What is required | Please give back exactly the line with "Black Blossom Lehenga" and each line after it through the end of the material, leaving out the pictures.

Dataset content |
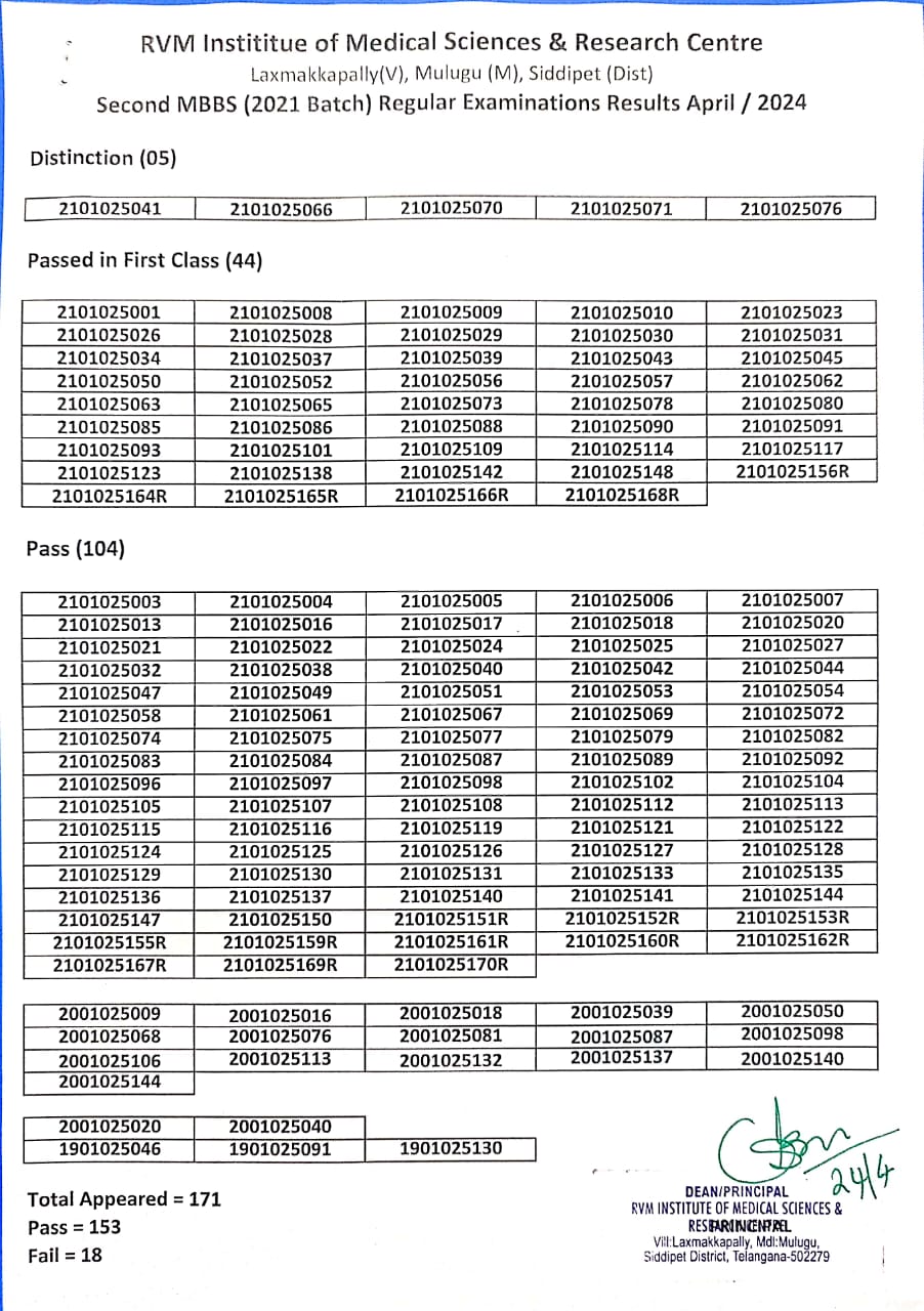 MBBS 2nd Year (2021 Batch) Examination Result |
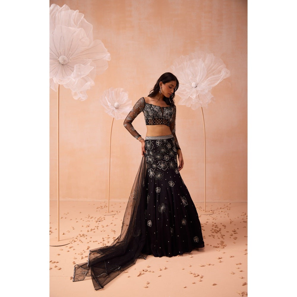 Black Blossom Lehenga With Blouse And Dupatta (Set of 3)
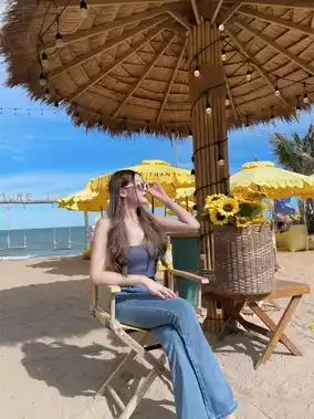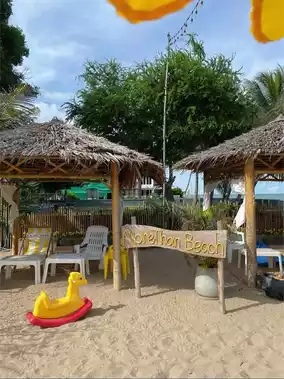 It's a cafe with a white duck 🪿 running cutely along the beach.

Output of the exercise |
 Black Blossom Lehenga With Blouse And Dupatta (Set of 3)
 It's a cafe with a white duck 🪿 running cutely along the beach.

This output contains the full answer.